Paul Sherratt looks at the growth of real-time marketing within the sporting goods industry

Thanks to social media, we’re getting used to big companies talking directly to us, instead of just advertising next to what we’re reading.

Today, tools such as Twitter and WordPress have led to an explosion of brands producing and spreading content, competing with traditional media for audience attention and employing journalists as creative storytellers.

The concept of real-time marketing is certainly nothing new, but the speed at which it’s being executed and the importance attached to it continues apace.

adidas, Nike and Puma
In 2014 adidas Group announced that it was to roll-out its digital newsrooms for all its brands in order to tap into trending topics and, according to the company, build on “moments of celebration and acknowledgement”.

Nike and Puma made similar moves to, in their own words, “exploit sporting events”.

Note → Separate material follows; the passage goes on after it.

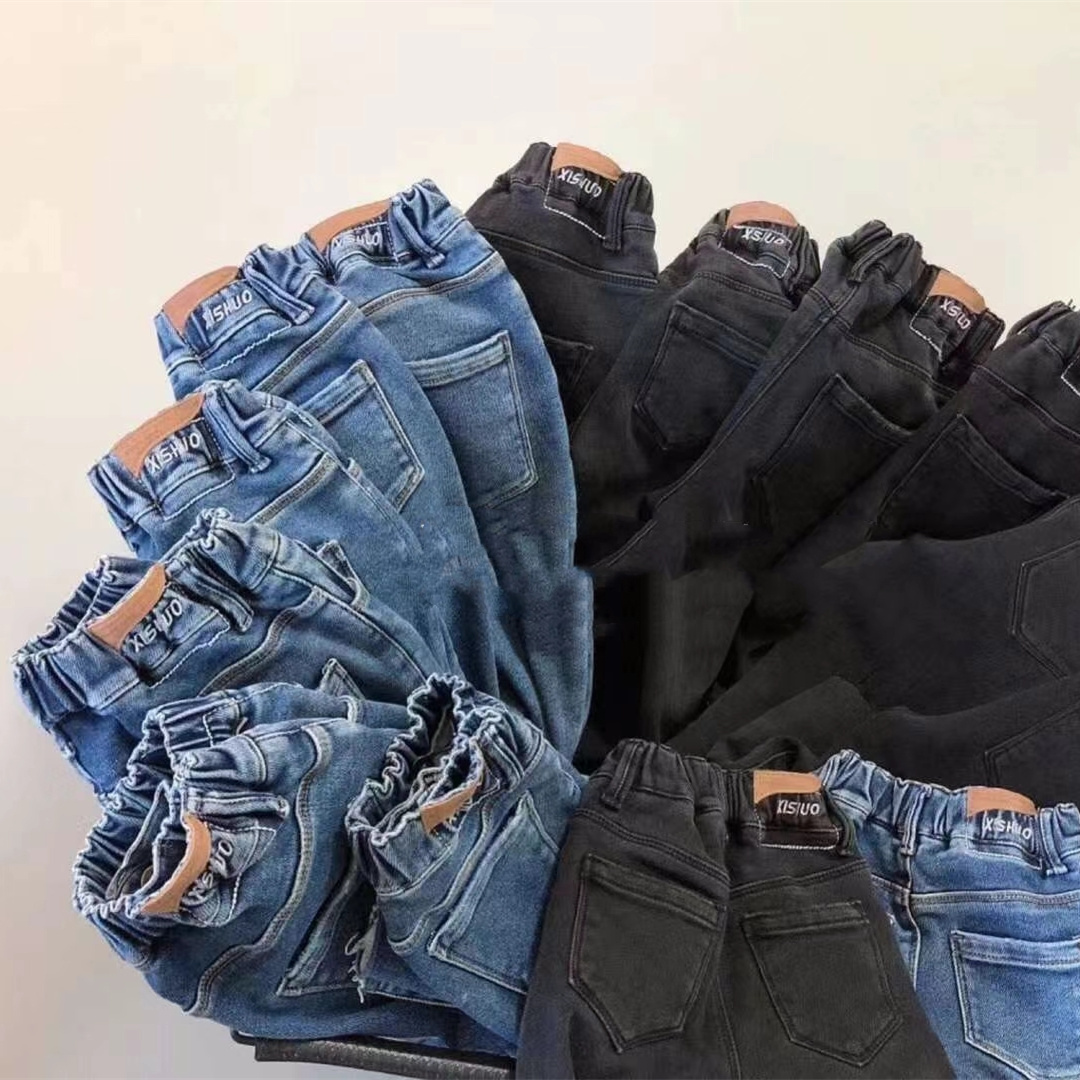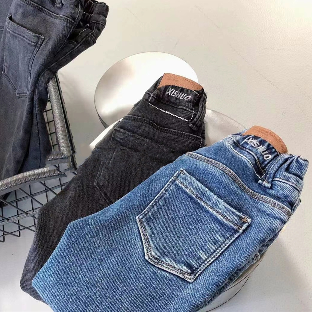 South Korean children's clothing children plus suede jeans 2021 Winter new male and female skintight pencil pants CUHK Scout pants

Formed for the London 2012 Olympics, adidas newsrooms are already in 12 cities across the world in the belief that they are where trends start. Marketers in those hubs are internally likened to DJs ‘being on the decks’, spinning the brand against cultural shifts without having to wait for approval.

They are able to freely interpret global briefs for their cities because adidas executives realise the business has to publish five great pieces of content a week, not five great adverts a year – a fundamental shift for which it is not built.

But is this approach sustainable or practical for most brands and how does it fit into the overall marketing mix?

Anticipatory planning
While it’s true there are many elements of our industry reliant on the now and the news that happens there and then – not least a sporting achievement by a particular endorsee – effective real-time marketing doesn’t always require 24/7 brand newsrooms. Marketers adopting an anticipatory planning approach can pre-plan particular content and adapt to real time only if required.

In this scenario, real-time marketing can be considered as part of a larger strategy that focuses on creating relevance and value, with brands anticipating and planning for a range of scenarios around real-time events.

In simple terms, if the marketing strategy focuses on an endorsed club or athlete participating in a particular event, there are a number of scenarios that can be explored – they win, lose, perform a personal best, etc.

If particular strategies have already been established for each of these scenarios, the execution is a simple roll-out against whatever outcome, thus ensuring that, while it may appear to be reactionary, the delivery is commensurate with the overall marketing activity.

If plans are flexible enough, changes can then be applied across the spectrum of a campaign – this is real-time marketing at work in its best form.

Remaining relevant
If the anticipatory planning approach is not undertaken, it’s important marketers avoid getting carried away by the hype surrounding real-time and remember to approach each advertisement with the question: does this help to build the brand?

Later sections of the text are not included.